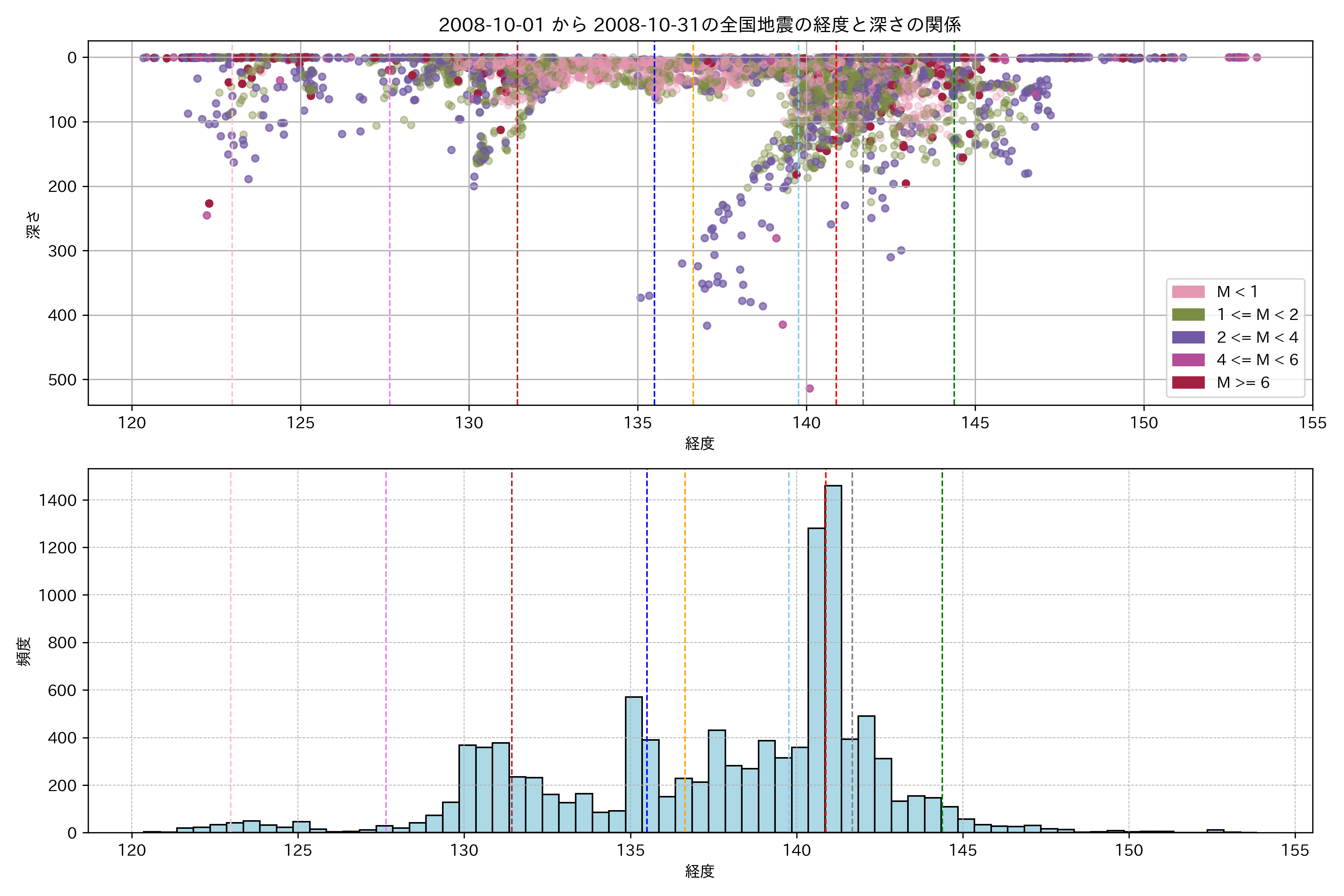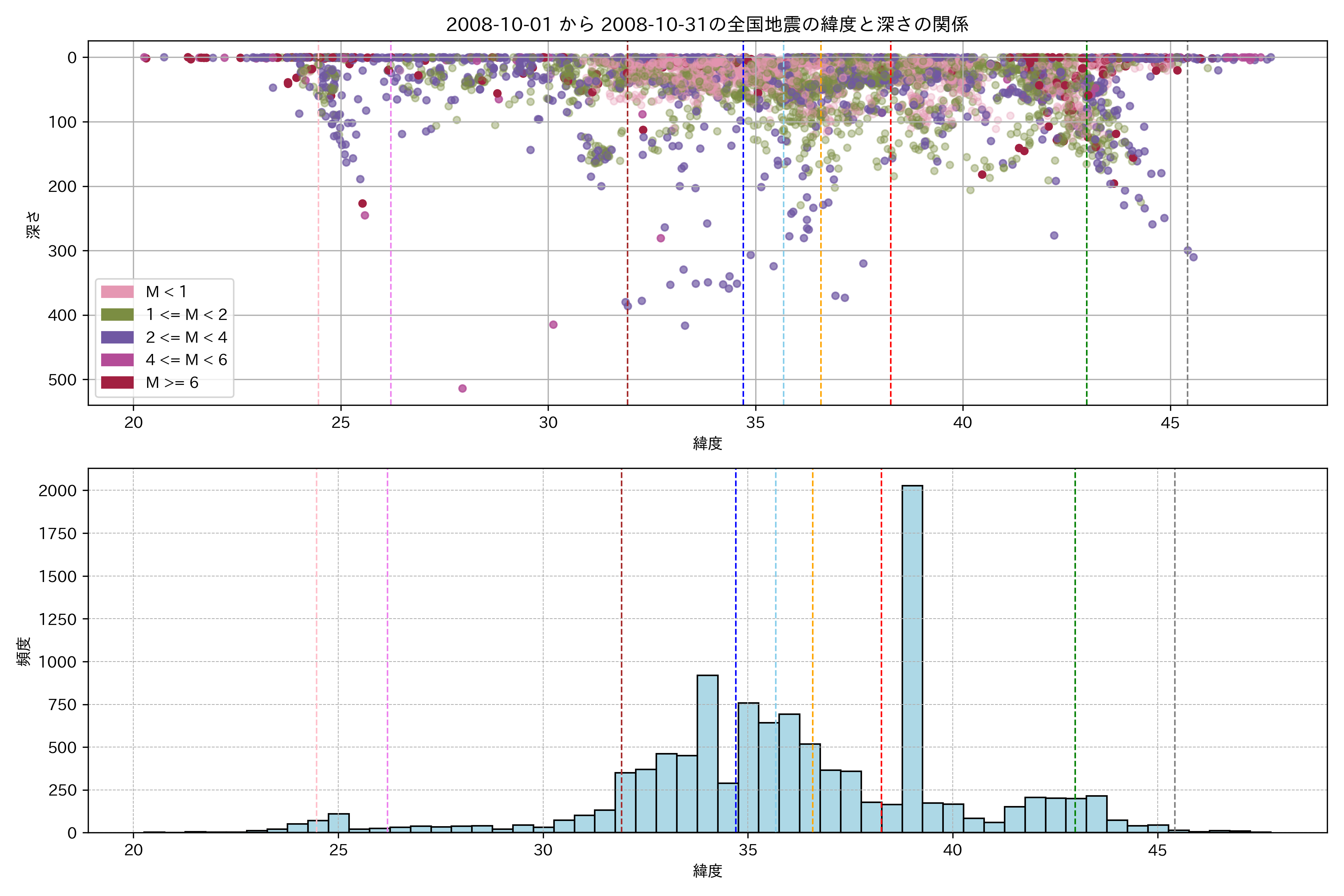 2008年10月 マグニチュード 0 以上震源マップ
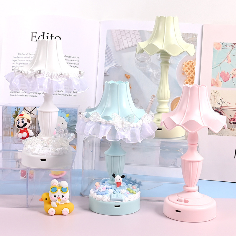 Cute Cream Retro Style Table Lamp, Decorative Bedside Lighting for Bedroom & Living Room
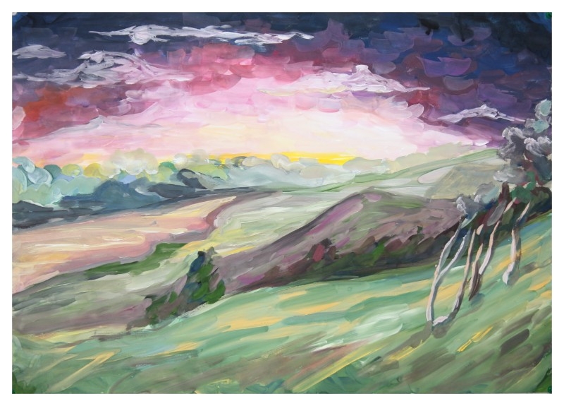 20. Лядова_Закат. Пейзаж. Б.,гуашь, 42х60 см. 2018 г.
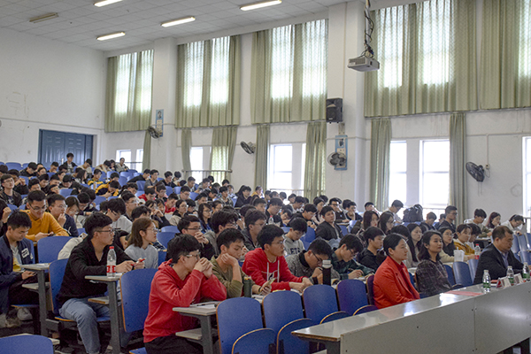 而后,在大家的掌声中,朱建炜正式展开此次讲座。首先,他借用冰山的例子进行了自我介绍,就知识、专业绩能、综合能力、个性特征、动机、价值观、综合能力等各方面进行了自我介绍。朱建炜让在场的同学们设计了一张用于10年后同学聚会的名片,充分的调动了同学们的积极性,更为之后的讲座内容埋下了伏笔。朱建炜说,在个体变化中,只有通过增加个人的适应力让你做好充分的资源准备,才能应对环境的变化。朱建炜向大家介绍了职业导向与就业导向两种职业定位的思路以及职业定位的方法,通过介绍行业、组织、职位三个方面让同学们了解了当今社会人才需求标准。朱建炜跟大家分享了从工作中分享幸福感的三个层次及生涯观点,最后,他总结道:“我们拥有一个最宝贵的资源——时间,请大家用有限的时间来规划一个精彩的人生,成就一个更好的自己。”
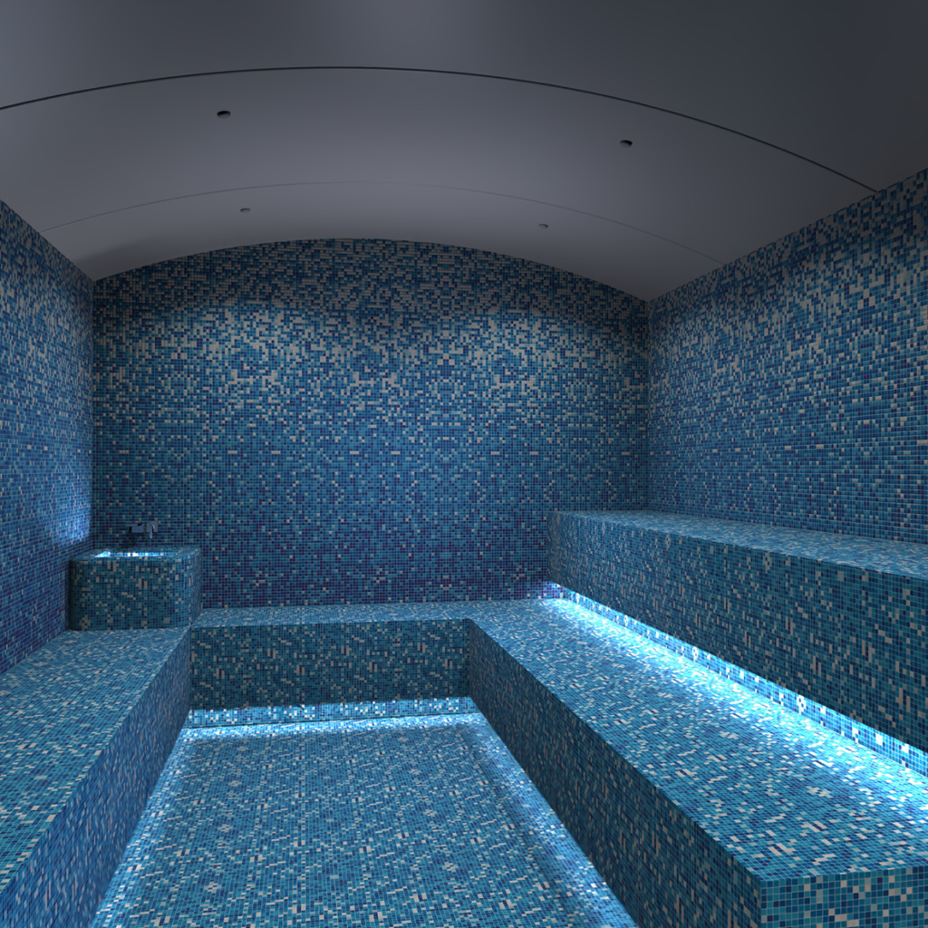 Een fraaie gevormde Hamam van alle gemakken voorzien. Banken, stoom, dakdouche en mooie LED verlichting.
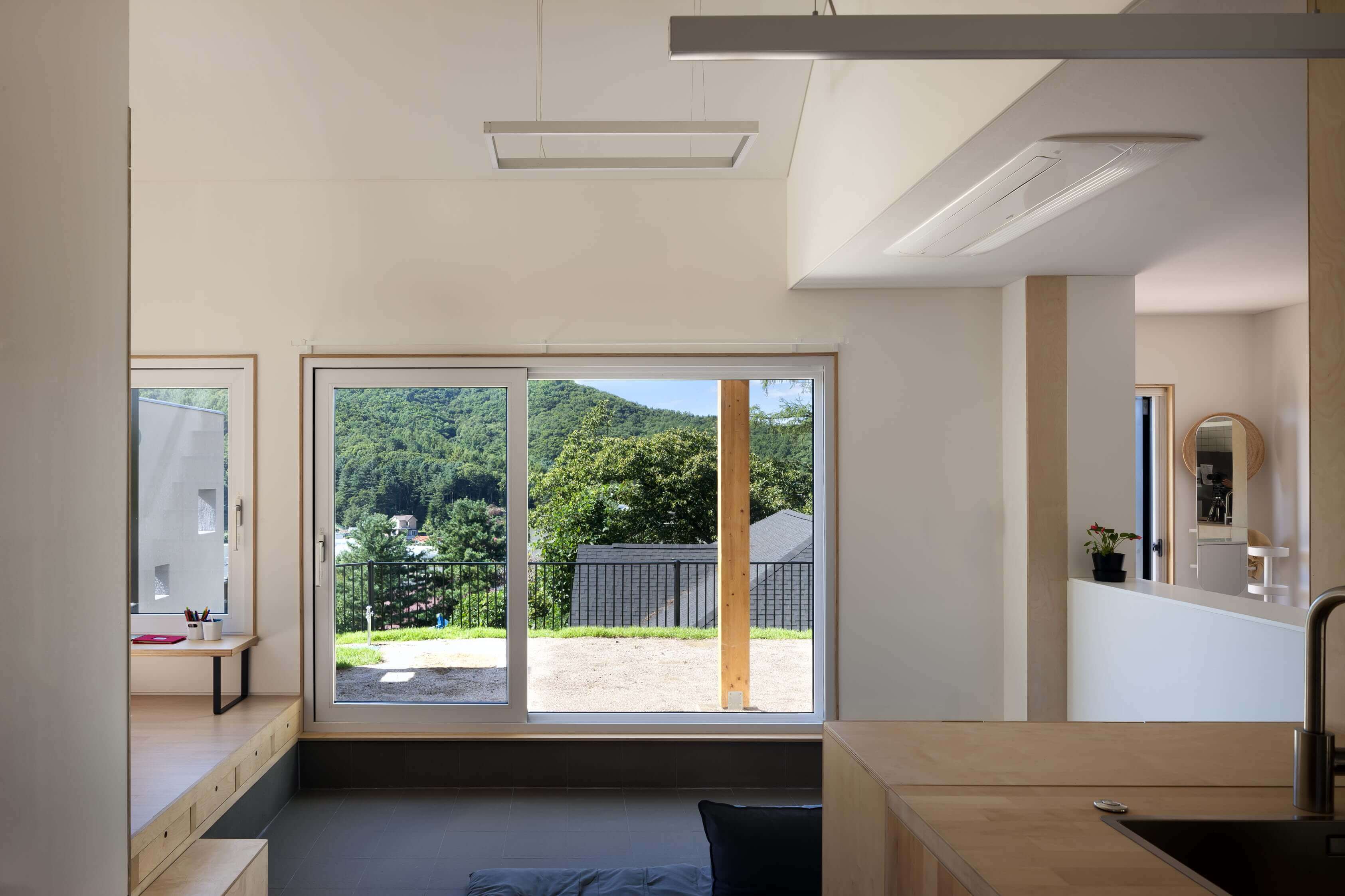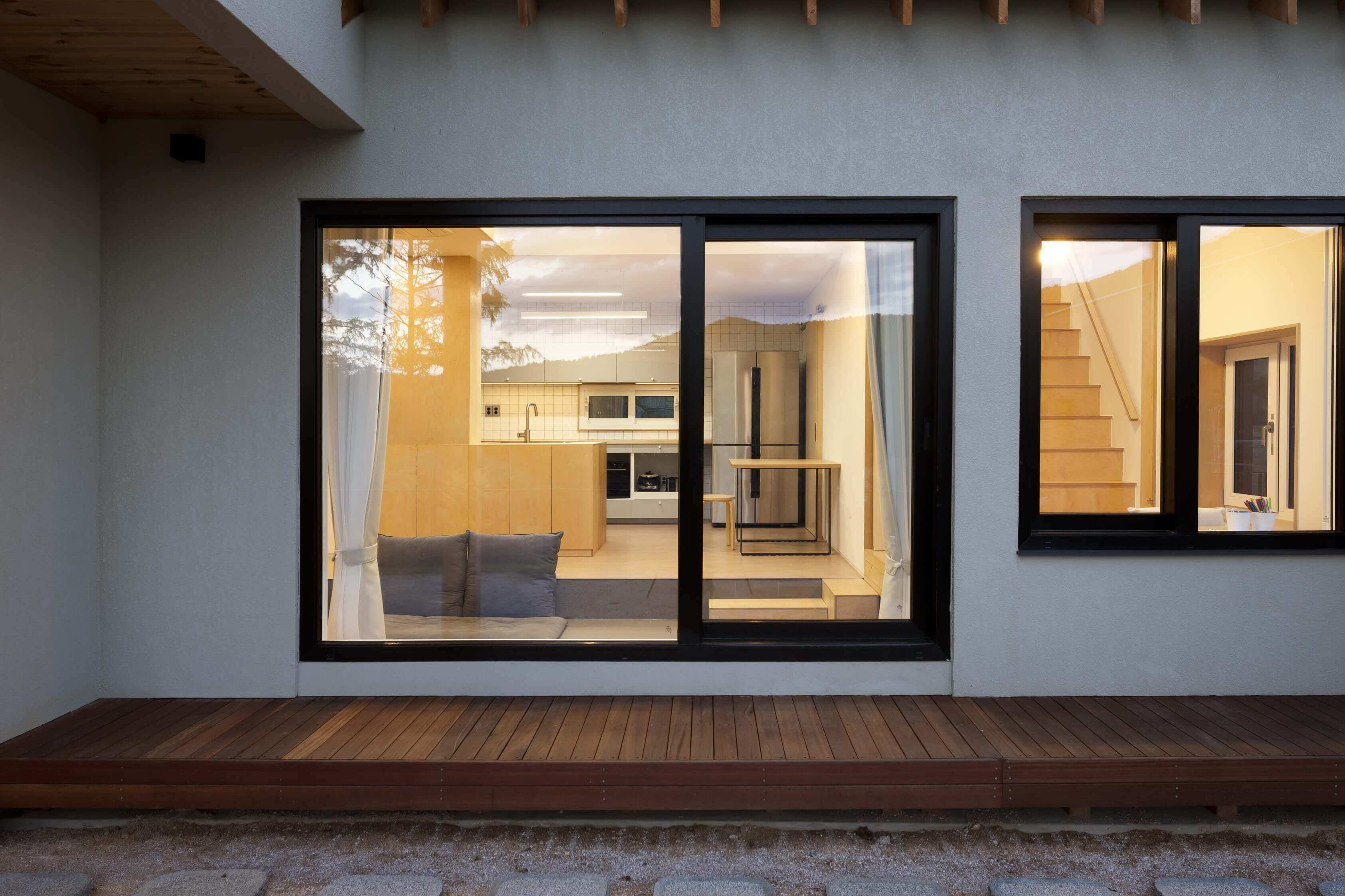가족 구성원의 수가 만았던 과거에는, 거실이 집의 중심으로서 무척 중요한 공간이었다. 손님 접대도 주로 거실에서 이루어졌다. 그러나 요즘은 주방이 가사의 중심이자 가족들이 모이는 가장 중요한 공간이 되었다. 집을 설계할 때 실을 없애고 가족 구성원 각각의 활동을 위한 별개의 방을 배치하는 경우도 늘어나고 있다. 이 집에서도 주방과 식당은 거의 집의 중심이라 할 수 있다. 주방은 거실이나 마당, 다락, 손님방 등 모든 공간과 연결되어 있다. 그리고 하온의 아버지는 ‘안전한 집’을 원했다. 안전한 집이띾 무엇인가. 먼저 집은 태풍이나 폭우, 더위와 추위 같은 자연이나 혹은 타인의 위협으로부터 인간을 보호해야 한다.
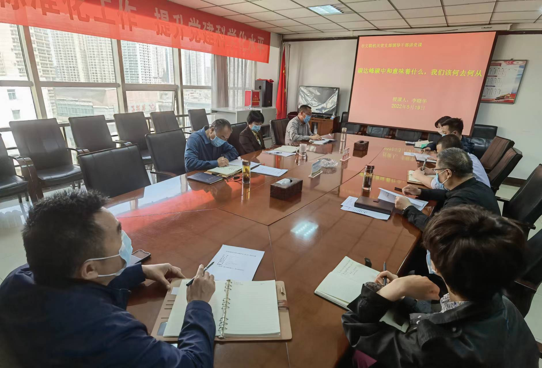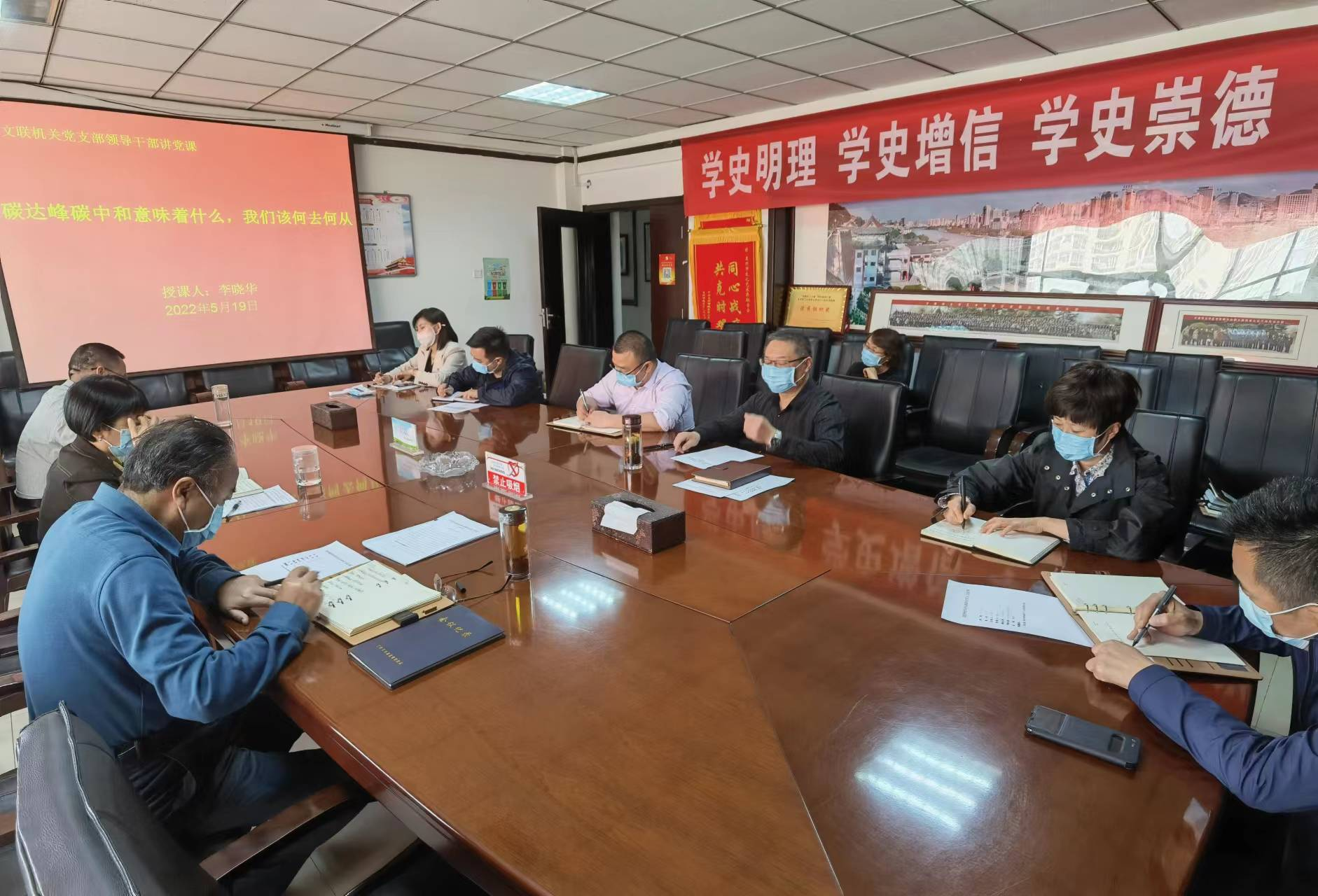 为开展好“垃圾分类、环保文明、绿色发展”主题宣传活动,5月19日,市文联党组书记、主席李晓华作了题为“碳达峰、碳中和意味着什么,我们该何去何从”的专题党课,党组中心组成员、机关党支部全体党员、中层领导干部、各协会负责人参加。
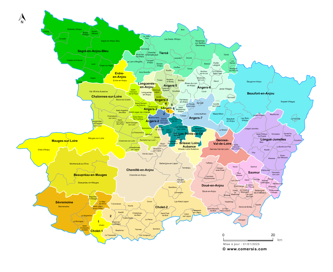 Tuffalun, Baugé-en-Anjou, Beaufort-en-Anjou, Beaupréau-en-Mauges, Blaison-Saint-Sulpice, Brissac Loire Aubance, Bellevigne-les-Châteaux , Chenillé-Champteussé, Orée-d'Anjou, Les Hauts-d'Anjou , Terranjou, Chemillé en Anjou, Doué-en-Anjou, Les Bois-d'Anjou, Ingrandes-le-Fresne-sur-Loire, Jarzé-Villages, Les Garennes sur Loire, Huillé-Lézigné , le Lion-d'Angers, Val d’Erdre-Auxence, Mazé-Milon, Longuenée-en-Anjou, Montrevault-sur-Èvre, Morannes sur Sarthe-Daumeray, Noyant-Villages, Mauges-sur-Loire, Ombrée d'Anjou, Gennes-Val-de-Loire, Val-du-Layon, Saint-Léger-de-Linières , Sèvremoine, Loire-Authion, Verrières-en-Anjou, Segré-en-Anjou Bleu, Bellevigne-en-Layon, Erdre-en-Anjou, Lys-Haut-Layon et Rives-du-Loir-en-Anjou .
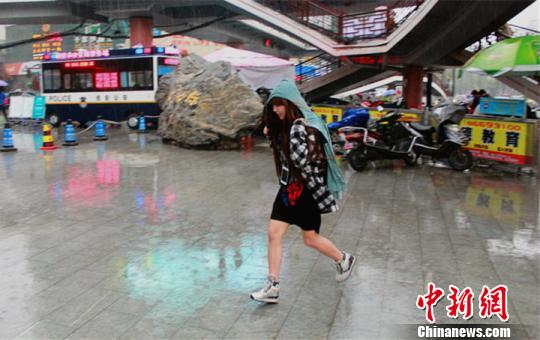 陕西发布大风暴雨预警 街头上演“雨中情”
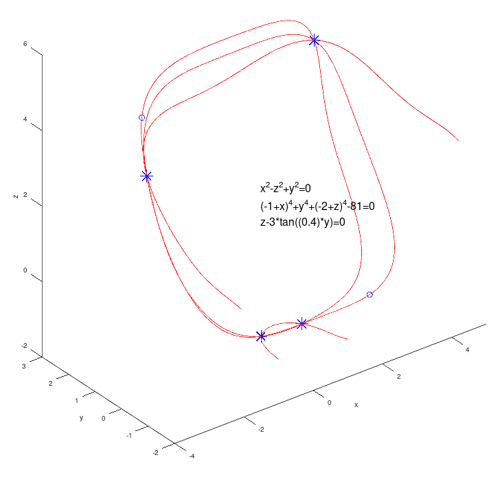 In the figure, the solutions are shown with an asterisk, the red curves are obtained when different initial conditions are given.

===============

Skip every picture and return the lines above from the top through the one that contains "가족 구성원의 수가 만았던".

 2008年10月 マグニチュード 0 以上震源マップ
 Cute Cream Retro Style Table Lamp, Decorative Bedside Lighting for Bedroom & Living Room
 20. Лядова_Закат. Пейзаж. Б.,гуашь, 42х60 см. 2018 г.
 而后,在大家的掌声中,朱建炜正式展开此次讲座。首先,他借用冰山的例子进行了自我介绍,就知识、专业绩能、综合能力、个性特征、动机、价值观、综合能力等各方面进行了自我介绍。朱建炜让在场的同学们设计了一张用于10年后同学聚会的名片,充分的调动了同学们的积极性,更为之后的讲座内容埋下了伏笔。朱建炜说,在个体变化中,只有通过增加个人的适应力让你做好充分的资源准备,才能应对环境的变化。朱建炜向大家介绍了职业导向与就业导向两种职业定位的思路以及职业定位的方法,通过介绍行业、组织、职位三个方面让同学们了解了当今社会人才需求标准。朱建炜跟大家分享了从工作中分享幸福感的三个层次及生涯观点,最后,他总结道:“我们拥有一个最宝贵的资源——时间,请大家用有限的时间来规划一个精彩的人生,成就一个更好的自己。”
 Een fraaie gevormde Hamam van alle gemakken voorzien. Banken, stoom, dakdouche en mooie LED verlichting.
가족 구성원의 수가 만았던 과거에는, 거실이 집의 중심으로서 무척 중요한 공간이었다. 손님 접대도 주로 거실에서 이루어졌다. 그러나 요즘은 주방이 가사의 중심이자 가족들이 모이는 가장 중요한 공간이 되었다. 집을 설계할 때 실을 없애고 가족 구성원 각각의 활동을 위한 별개의 방을 배치하는 경우도 늘어나고 있다. 이 집에서도 주방과 식당은 거의 집의 중심이라 할 수 있다. 주방은 거실이나 마당, 다락, 손님방 등 모든 공간과 연결되어 있다. 그리고 하온의 아버지는 ‘안전한 집’을 원했다. 안전한 집이띾 무엇인가. 먼저 집은 태풍이나 폭우, 더위와 추위 같은 자연이나 혹은 타인의 위협으로부터 인간을 보호해야 한다.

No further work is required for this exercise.